__Dataset excerpt__
━━━

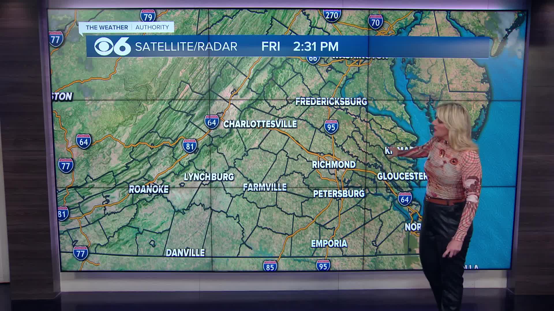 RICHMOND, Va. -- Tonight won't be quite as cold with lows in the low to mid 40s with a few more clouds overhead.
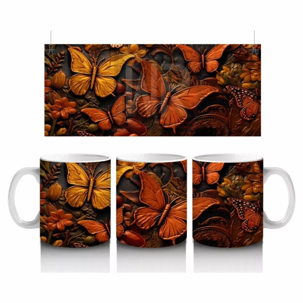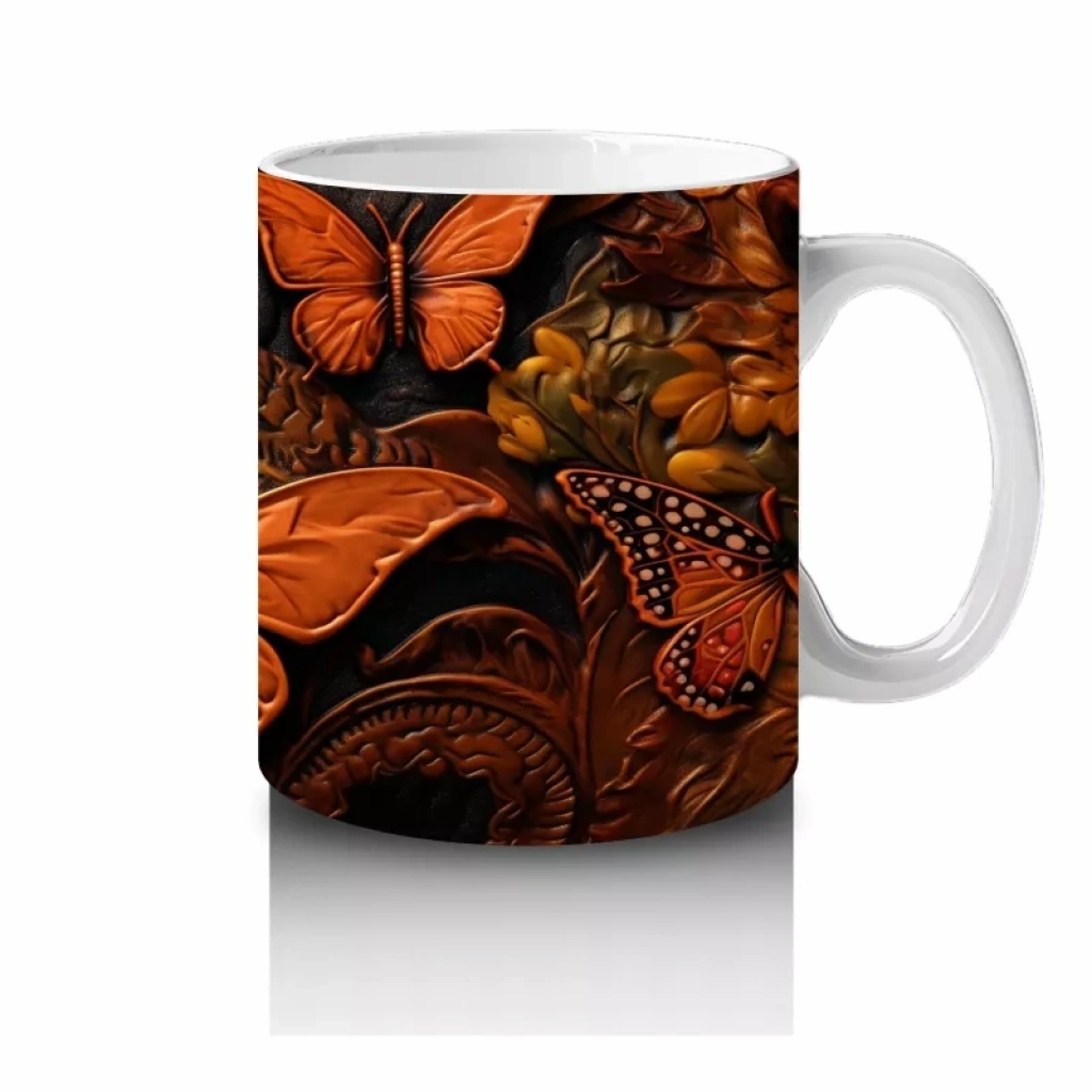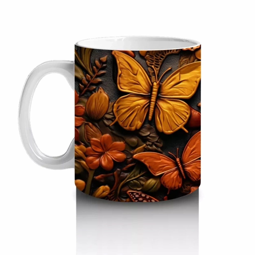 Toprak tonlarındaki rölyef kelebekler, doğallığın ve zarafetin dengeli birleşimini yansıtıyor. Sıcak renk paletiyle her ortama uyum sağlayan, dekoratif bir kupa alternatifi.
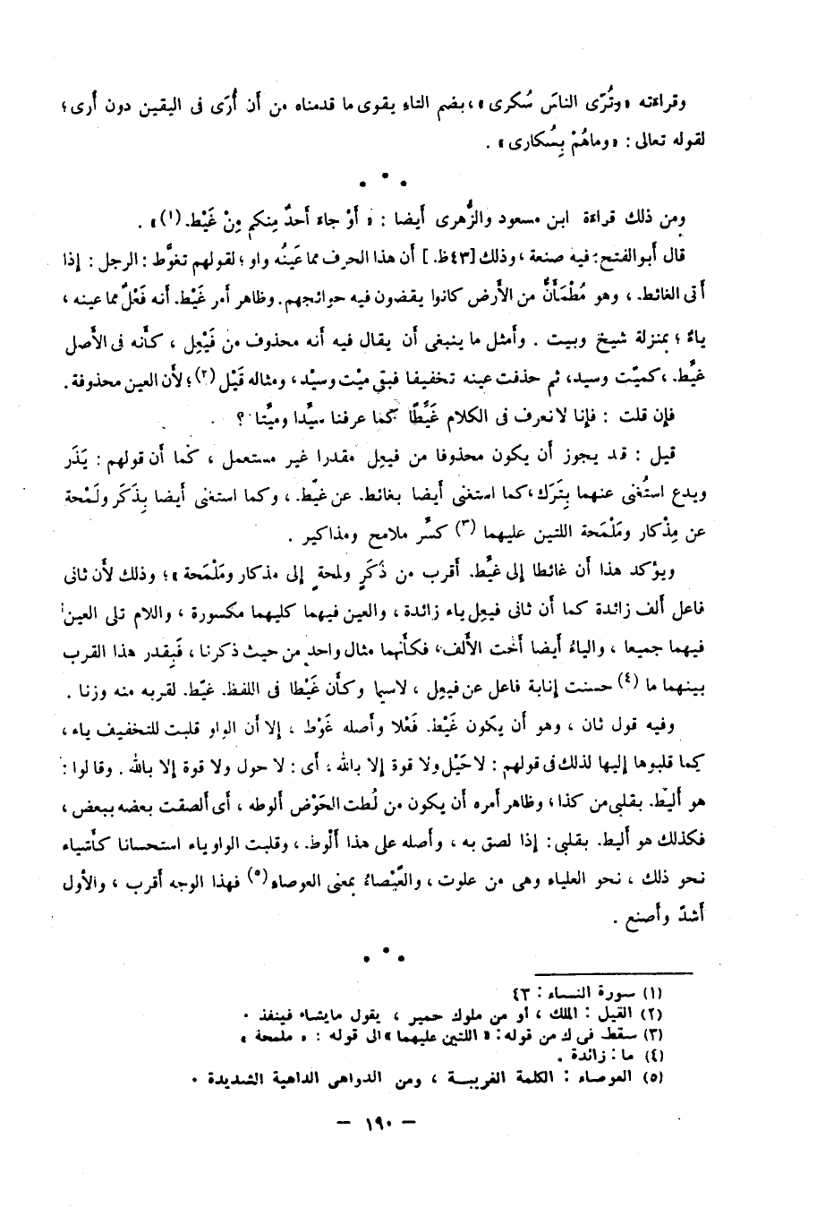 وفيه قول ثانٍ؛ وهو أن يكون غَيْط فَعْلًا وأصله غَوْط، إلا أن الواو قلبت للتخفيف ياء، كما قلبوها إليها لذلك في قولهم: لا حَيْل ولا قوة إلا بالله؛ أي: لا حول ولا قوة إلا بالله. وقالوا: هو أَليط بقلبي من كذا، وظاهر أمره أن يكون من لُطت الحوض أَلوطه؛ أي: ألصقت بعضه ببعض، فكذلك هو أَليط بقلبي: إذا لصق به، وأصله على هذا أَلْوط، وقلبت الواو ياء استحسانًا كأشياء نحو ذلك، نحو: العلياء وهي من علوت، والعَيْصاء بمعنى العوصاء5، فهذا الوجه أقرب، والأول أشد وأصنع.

━━━

__Task description__
Exclude the images and output the lines above exactly.

__Answer__
 RICHMOND, Va. -- Tonight won't be quite as cold with lows in the low to mid 40s with a few more clouds overhead.
 Toprak tonlarındaki rölyef kelebekler, doğallığın ve zarafetin dengeli birleşimini yansıtıyor. Sıcak renk paletiyle her ortama uyum sağlayan, dekoratif bir kupa alternatifi.
 وفيه قول ثانٍ؛ وهو أن يكون غَيْط فَعْلًا وأصله غَوْط، إلا أن الواو قلبت للتخفيف ياء، كما قلبوها إليها لذلك في قولهم: لا حَيْل ولا قوة إلا بالله؛ أي: لا حول ولا قوة إلا بالله. وقالوا: هو أَليط بقلبي من كذا، وظاهر أمره أن يكون من لُطت الحوض أَلوطه؛ أي: ألصقت بعضه ببعض، فكذلك هو أَليط بقلبي: إذا لصق به، وأصله على هذا أَلْوط، وقلبت الواو ياء استحسانًا كأشياء نحو ذلك، نحو: العلياء وهي من علوت، والعَيْصاء بمعنى العوصاء5، فهذا الوجه أقرب، والأول أشد وأصنع.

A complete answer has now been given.